正沉默間,忽聽蔣懷熊驚奇的咦了一聲。
眾人隨著他手指的方向看過去,只見數里外,密集火把晃動,像是金夏軍發現了一撥勤王義師,正在圍剿。
幾人還來不及心痛,又見一撥人,從黑夜里殺出,沖散了這支小股金夏軍,接應了被圍義師,往北退去。
見義師逃出生天,幾人齊齊長出一口氣。
白天里,這種情況已發生數次了。
從各地趕來的勤王隊伍自是想進城幫助守軍守城,可眼下東京被圍的水泄不通,經常有小股義師暈頭暈腦的撞進金夏大軍中。
憑白丟了性命。
由此,也看見被堵在外圍的無數支義師組織有多混亂
蔣懷熊下意識道“若楚王在就好了”
蔡、陳、杜三人默默無語蔣督帥盡說廢話,誰不知楚王在最好啊
畢竟義師來自天南地北,互不統屬,此刻最需要的便是一個將士中有極高威望之人振臂一呼,將各自為戰的大伙擰成一股繩。
眼下大齊,只有一人可勝任此事
酉時初,陳景安和蔡源并肩下了城墻。
路上,蔡源無意間嘆了一口氣。
今晚他一句話未講,陳景安不由搭話道“蔡尚書,可是憂心城防”
蔡源點點頭,卻又道“也不止此事。
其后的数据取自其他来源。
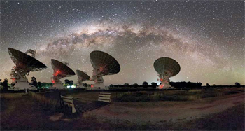 Os radiotelescópios do ATCA (Australian Telescope Compact Array), que ajudaram a identificar a mais recente explosão rápida de rádio numa galáxia a cerca de 6 mil milhões de anos-luz de distância. Crédito: Alex Cherney.

”
“哦那還有何事憂心”陳景安好奇道。
蔡源是一個感情內斂、甚少與人說心里話的人,但或許離家太久、也或許是因為近來精神壓力過大,這回罕見的講起了私事,“我那女兒哎,這一兩個月便要臨盆,卻趕上了此時動蕩。我不在,元章也不在上月老妻來信,言道小女不知怎地,至今孕吐未停。人瘦了一大圈,上回她娘去王府看望她,小女還哭了一鼻子呵呵”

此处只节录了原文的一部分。